EXERCISE INSTRUCTIONS:
Repeat every line of the following material exactly.

TASK DATA:

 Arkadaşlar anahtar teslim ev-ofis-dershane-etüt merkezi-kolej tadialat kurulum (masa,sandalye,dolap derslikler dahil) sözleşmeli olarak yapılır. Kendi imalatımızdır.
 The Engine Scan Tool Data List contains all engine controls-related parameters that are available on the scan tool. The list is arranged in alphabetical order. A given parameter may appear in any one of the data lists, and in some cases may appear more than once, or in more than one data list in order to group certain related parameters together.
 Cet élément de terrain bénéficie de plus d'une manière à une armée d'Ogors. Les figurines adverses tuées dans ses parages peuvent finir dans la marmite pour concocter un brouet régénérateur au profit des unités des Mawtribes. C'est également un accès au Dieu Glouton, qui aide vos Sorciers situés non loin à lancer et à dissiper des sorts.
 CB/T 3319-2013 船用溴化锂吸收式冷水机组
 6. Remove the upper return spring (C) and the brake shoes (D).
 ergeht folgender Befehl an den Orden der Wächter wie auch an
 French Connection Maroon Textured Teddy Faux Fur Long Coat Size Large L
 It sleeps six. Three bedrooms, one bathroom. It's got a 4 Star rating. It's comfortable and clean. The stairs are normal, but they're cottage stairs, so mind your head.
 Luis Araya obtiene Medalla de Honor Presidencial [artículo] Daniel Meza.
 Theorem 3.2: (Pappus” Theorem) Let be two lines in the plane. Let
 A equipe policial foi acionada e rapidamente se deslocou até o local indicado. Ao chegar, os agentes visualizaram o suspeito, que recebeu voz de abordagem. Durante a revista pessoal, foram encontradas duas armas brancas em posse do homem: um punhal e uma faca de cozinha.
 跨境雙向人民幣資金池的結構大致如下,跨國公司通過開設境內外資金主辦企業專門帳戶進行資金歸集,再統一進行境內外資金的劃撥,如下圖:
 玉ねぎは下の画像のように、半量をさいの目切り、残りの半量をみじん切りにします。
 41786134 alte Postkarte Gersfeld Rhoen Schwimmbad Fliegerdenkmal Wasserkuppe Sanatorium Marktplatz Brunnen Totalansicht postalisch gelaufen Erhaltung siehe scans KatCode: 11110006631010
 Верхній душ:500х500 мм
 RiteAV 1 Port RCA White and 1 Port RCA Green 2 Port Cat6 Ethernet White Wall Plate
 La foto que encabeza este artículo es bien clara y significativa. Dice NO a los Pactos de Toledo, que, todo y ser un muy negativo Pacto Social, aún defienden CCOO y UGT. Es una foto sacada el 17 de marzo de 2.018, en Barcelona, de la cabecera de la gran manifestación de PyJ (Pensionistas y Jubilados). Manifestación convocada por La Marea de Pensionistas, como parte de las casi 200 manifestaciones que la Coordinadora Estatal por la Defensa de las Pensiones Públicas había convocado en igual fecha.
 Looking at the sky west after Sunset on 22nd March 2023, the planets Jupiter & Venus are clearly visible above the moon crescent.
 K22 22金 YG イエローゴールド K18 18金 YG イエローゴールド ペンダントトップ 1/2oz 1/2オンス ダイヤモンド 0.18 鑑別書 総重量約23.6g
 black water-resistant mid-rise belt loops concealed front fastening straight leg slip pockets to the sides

RESPONSE BOX:
 Arkadaşlar anahtar teslim ev-ofis-dershane-etüt merkezi-kolej tadialat kurulum (masa,sandalye,dolap derslikler dahil) sözleşmeli olarak yapılır. Kendi imalatımızdır.
 The Engine Scan Tool Data List contains all engine controls-related parameters that are available on the scan tool. The list is arranged in alphabetical order. A given parameter may appear in any one of the data lists, and in some cases may appear more than once, or in more than one data list in order to group certain related parameters together.
 Cet élément de terrain bénéficie de plus d'une manière à une armée d'Ogors. Les figurines adverses tuées dans ses parages peuvent finir dans la marmite pour concocter un brouet régénérateur au profit des unités des Mawtribes. C'est également un accès au Dieu Glouton, qui aide vos Sorciers situés non loin à lancer et à dissiper des sorts.
 CB/T 3319-2013 船用溴化锂吸收式冷水机组
 6. Remove the upper return spring (C) and the brake shoes (D).
 ergeht folgender Befehl an den Orden der Wächter wie auch an
 French Connection Maroon Textured Teddy Faux Fur Long Coat Size Large L
 It sleeps six. Three bedrooms, one bathroom. It's got a 4 Star rating. It's comfortable and clean. The stairs are normal, but they're cottage stairs, so mind your head.
 Luis Araya obtiene Medalla de Honor Presidencial [artículo] Daniel Meza.
 Theorem 3.2: (Pappus” Theorem) Let be two lines in the plane. Let
 A equipe policial foi acionada e rapidamente se deslocou até o local indicado. Ao chegar, os agentes visualizaram o suspeito, que recebeu voz de abordagem. Durante a revista pessoal, foram encontradas duas armas brancas em posse do homem: um punhal e uma faca de cozinha.
 跨境雙向人民幣資金池的結構大致如下,跨國公司通過開設境內外資金主辦企業專門帳戶進行資金歸集,再統一進行境內外資金的劃撥,如下圖:
 玉ねぎは下の画像のように、半量をさいの目切り、残りの半量をみじん切りにします。
 41786134 alte Postkarte Gersfeld Rhoen Schwimmbad Fliegerdenkmal Wasserkuppe Sanatorium Marktplatz Brunnen Totalansicht postalisch gelaufen Erhaltung siehe scans KatCode: 11110006631010
 Верхній душ:500х500 мм
 RiteAV 1 Port RCA White and 1 Port RCA Green 2 Port Cat6 Ethernet White Wall Plate
 La foto que encabeza este artículo es bien clara y significativa. Dice NO a los Pactos de Toledo, que, todo y ser un muy negativo Pacto Social, aún defienden CCOO y UGT. Es una foto sacada el 17 de marzo de 2.018, en Barcelona, de la cabecera de la gran manifestación de PyJ (Pensionistas y Jubilados). Manifestación convocada por La Marea de Pensionistas, como parte de las casi 200 manifestaciones que la Coordinadora Estatal por la Defensa de las Pensiones Públicas había convocado en igual fecha.
 Looking at the sky west after Sunset on 22nd March 2023, the planets Jupiter & Venus are clearly visible above the moon crescent.
 K22 22金 YG イエローゴールド K18 18金 YG イエローゴールド ペンダントトップ 1/2oz 1/2オンス ダイヤモンド 0.18 鑑別書 総重量約23.6g
 black water-resistant mid-rise belt loops concealed front fastening straight leg slip pockets to the sides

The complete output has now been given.